> Material provided:
-- Opening Marker --

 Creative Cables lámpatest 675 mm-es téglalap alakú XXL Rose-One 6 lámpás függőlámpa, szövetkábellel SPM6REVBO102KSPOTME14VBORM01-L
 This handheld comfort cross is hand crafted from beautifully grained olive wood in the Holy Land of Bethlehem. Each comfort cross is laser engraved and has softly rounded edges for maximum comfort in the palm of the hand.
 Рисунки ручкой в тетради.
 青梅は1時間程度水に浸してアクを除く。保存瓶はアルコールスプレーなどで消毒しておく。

-- Closing Marker --
-- Opening Marker --

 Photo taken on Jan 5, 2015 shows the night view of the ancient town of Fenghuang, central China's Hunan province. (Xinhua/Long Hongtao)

-- Closing Marker --
-- Opening Marker --

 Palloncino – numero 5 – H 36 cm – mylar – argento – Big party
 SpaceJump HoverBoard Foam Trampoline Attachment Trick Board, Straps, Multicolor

-- Closing Marker --

> Task:
Within the material above, copy exactly the lines from the line that holds "This handheld comfort" up to and including the line that holds "青梅は1時間程度水に浸してア".

> Result below:
 This handheld comfort cross is hand crafted from beautifully grained olive wood in the Holy Land of Bethlehem. Each comfort cross is laser engraved and has softly rounded edges for maximum comfort in the palm of the hand.
 Рисунки ручкой в тетради.
 青梅は1時間程度水に浸してアクを除く。保存瓶はアルコールスプレーなどで消毒しておく。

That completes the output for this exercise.